Would you be willing to submit a v2 PR later? It would be a pity if we supported v1 pages better than v2 pages.

Sure, seems that v2 it's a bit more tricker, it should use accumulate crc:

  1. set crc = 0
  2. if rep-level exists, do crc = checksum(rep-levels, 0)
  3. if def-level exists, do crc = checksum(def-levels, crc)
  4. if compressed data exists, do crc = checksum(data, crc)

It's really a bit more trickey here, so I think do it in same patch is complex. Let me finish it later @pitrou

mapleFU avatar Dec 13 '22 09:12 mapleFU

I don't think you need to accumulate CRC, you just have to run the CRC over the entire concatenated data exactly as it's written out on disk (which is rep-levels + def-levels + compressed data).

It would probably be easy to find out, in any case.

pitrou avatar Dec 13 '22 09:12 pitrou

To be clear, I'm ok with doing only v1 here, but I would like to make sure we understand the complexity (or not) of handling v2 pages.

pitrou avatar Dec 13 '22 09:12 pitrou

It would probably be easy to find out, in any case.

@pitrou You're right, I made a mistake and misundering the format here.

The data format in memory is just:

- Data page Layout: Repetition Levels - Definition Levels - encoded values.

So, both calculating and verify should just share the same logic:

crc = checksum(data)

Here. Previously I make a mistake that DATA_PAGE_V2 stores it on header. So sorry for that.

mapleFU avatar Dec 13 '22 10:12 mapleFU

@pitrou most comment are solved, you can take a look.

DATA_PAGE_V2 will be add in the comming patch. And I have a question here: https://github.com/apache/parquet-format/pull/126#issuecomment-1348324323 . Should I implement CRC for DICT_PAGE?

mapleFU avatar Dec 13 '22 11:12 mapleFU

After discussion on parquet-format, the checksum for DICT and DATA_PAGE_V2 will be implemented in the coming patches.
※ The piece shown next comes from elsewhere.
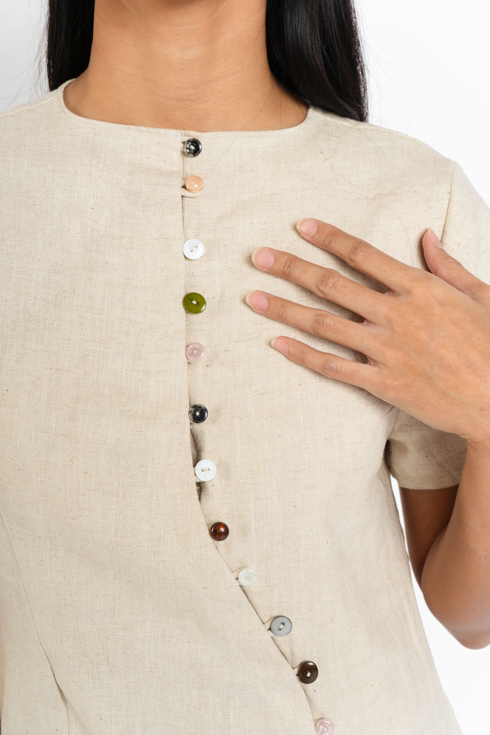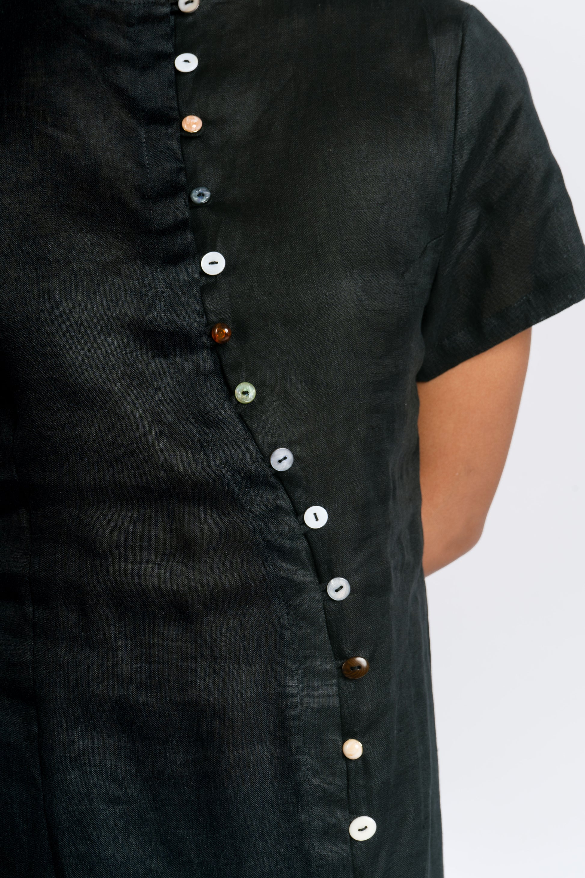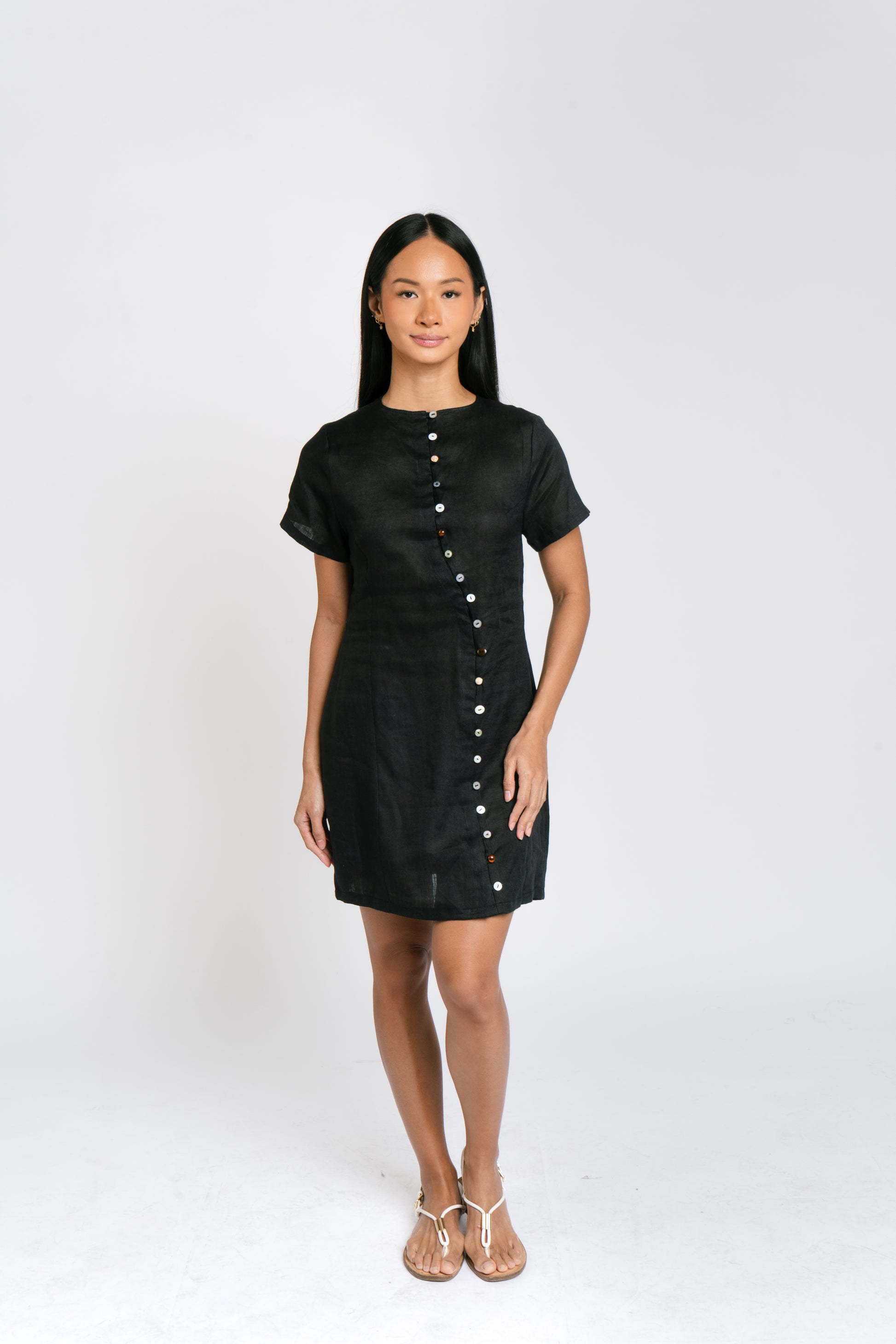 The Kaira Dress features a high neckline with a fitted silhouette. It features a wave pattern button opening with varying button styles and colors and button loops. Button patterns may change depending on the item. Made in Linen. Models wears XS.

mapleFU avatar Dec 14 '22 02:12 mapleFU

I've tried my best to write more testing to covering different cases, eliminate duplicate code and keep test clean. But maybe I'm not good at writing testings. If you have any ideas, you can just edit it directly. @pitrou

mapleFU avatar Dec 14 '22 17:12 mapleFU

I think I'll do the following adjustments later:

  • check and clean up CRC32 implementation to follow the code style (should be mostly mechanical)
  • since we determined that the checksum may apply to all page kinds, change the option names to not mention data pages :-)
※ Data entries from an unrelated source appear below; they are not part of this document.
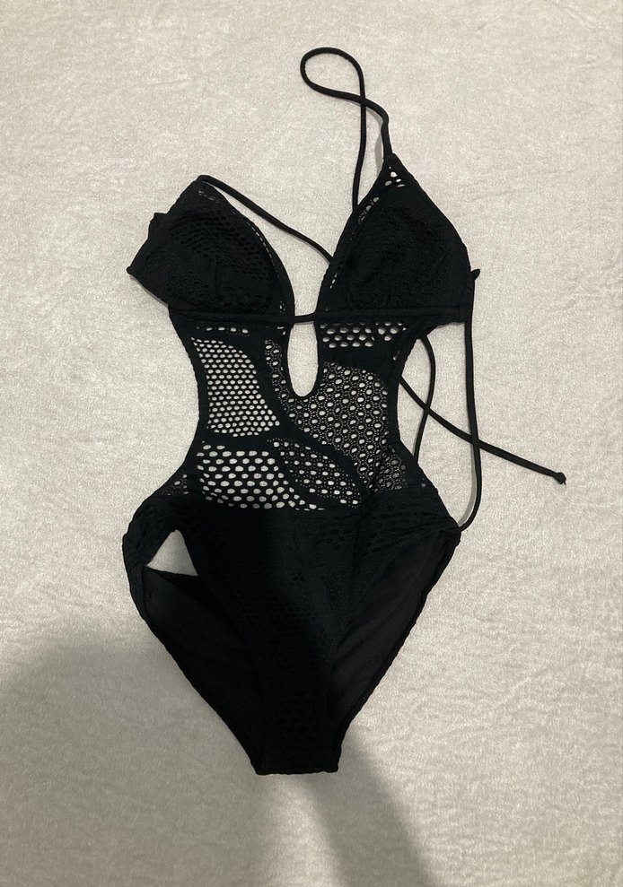 Dantelli ve askılı, vücuda oturan siyah gotik kadın mayo. Midi boy, plaj için uygun.
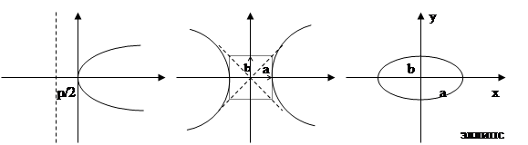Гипербола. х2 /а2 -у2 /b2 =1 Парабола. y2 =2px, где p>0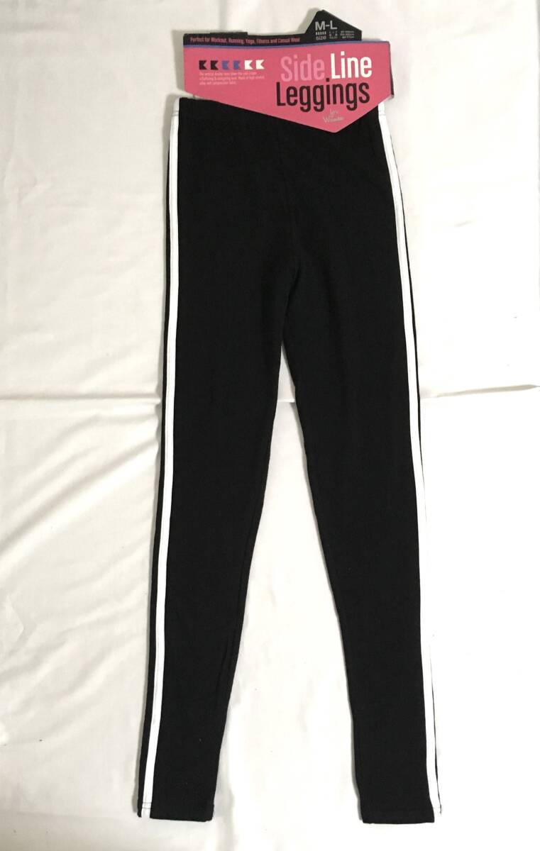 - ■送料無料 新品 M-L ブラック ホワイト サイド ストライプ レギンス ウエスト ゴム 運動着 部屋着 40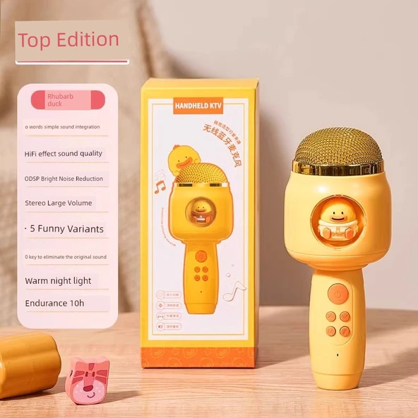 Çocuk Karaoke Mikrofon Oyuncak - 1.0 Üst Düzey Dayanıklı Sarı Ördek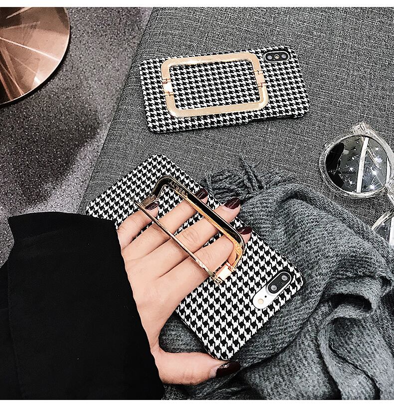 千鳥格子 iPhone8 XS XR 11 11Proケース 金属ベルト付き お洒落 レディース 大人 センスUP♪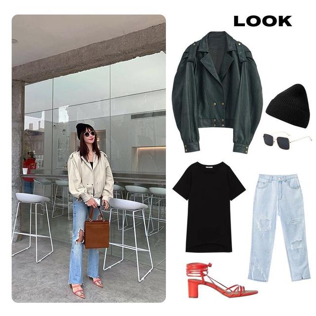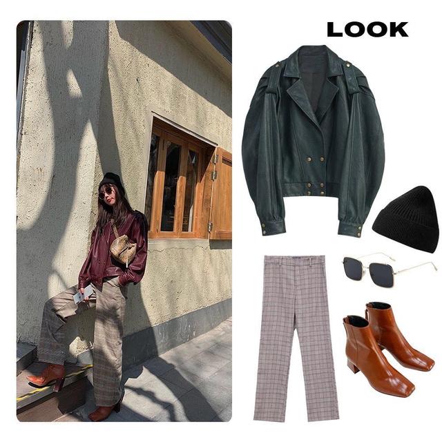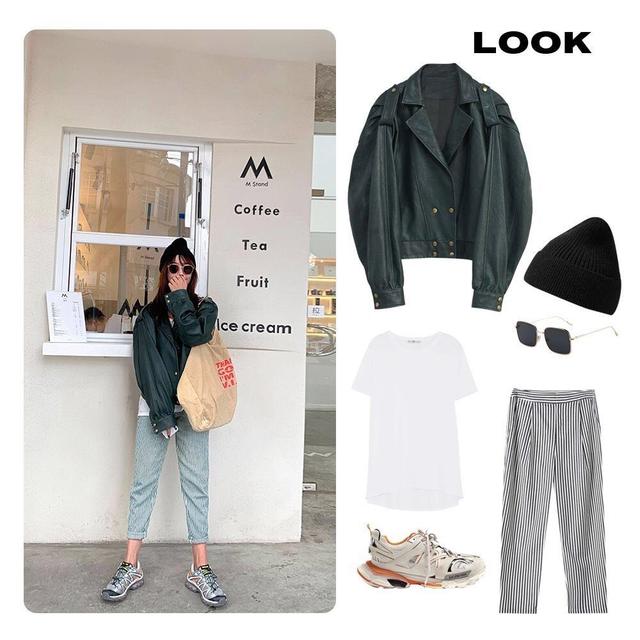 这一套依然是帅气与时尚不减的穿搭,但是它更适应于日常休闲穿着。墨绿色的皮衣可以把女人彰显出一种成熟的魅力,所以比较适应于轻熟的女人。竖条纹的九分裤既可以显示修长的双腿,同时也符合皮衣的帅酷感,搭配一双充满ins风格的老爹鞋,魅力值也是爆棚的。
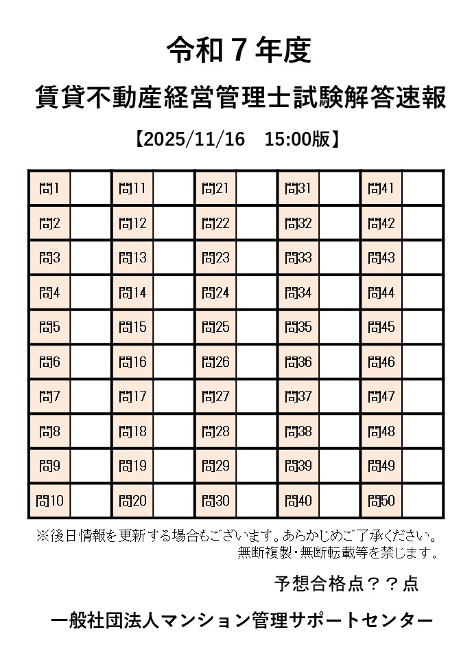 令和7年度 賃貸不動産経営管理士試験解答速報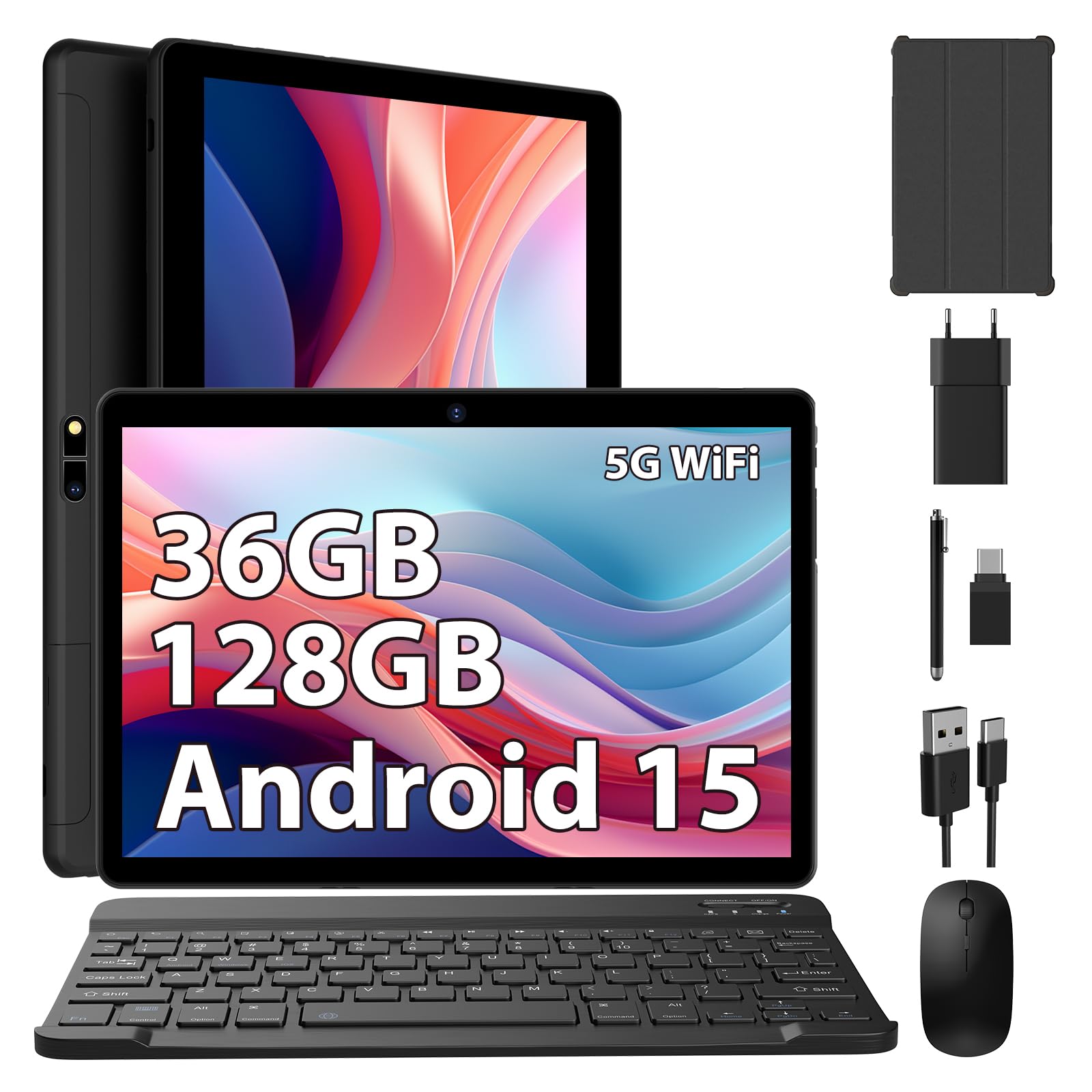 Android 15 Tablette 10 Pouces tablettes tactiles 5G WiFi,36Go RAM +128 Go ROM,8000 mAh,Smart IPS,Bluetooth5.0,Tablette avec Clavier avec/Souris/Stylo,Nero

pitrou avatar Dec 15 '22 17:12 pitrou

  • check and clean up CRC32 implementation to follow the code style (should be mostly mechanical)
  • since we determined that the checksum may apply to all page kinds, change the option names to not mention data pages :-)

It's ok, the crc code is pasted from cyrus-imapd . But some code is modified( using arrow's internal library rather than using cyrus-imapd's), you can just diff the code.

Some optimizations like simd or other could be introduced. Perhaps: https://www.boost.org/doc/libs/1_73_0/doc/html/crc/crc_optimal.html . To be honest, I think maintaining a crc implementions pasted from zstd or cyrus-imapd is really trickey. But maybe we can keep my implemention first, at least it's correct :)

As for variable name, seems that parquet-mr uses PageWriteChecksum and PageVerifyChecksum, I think they should be better.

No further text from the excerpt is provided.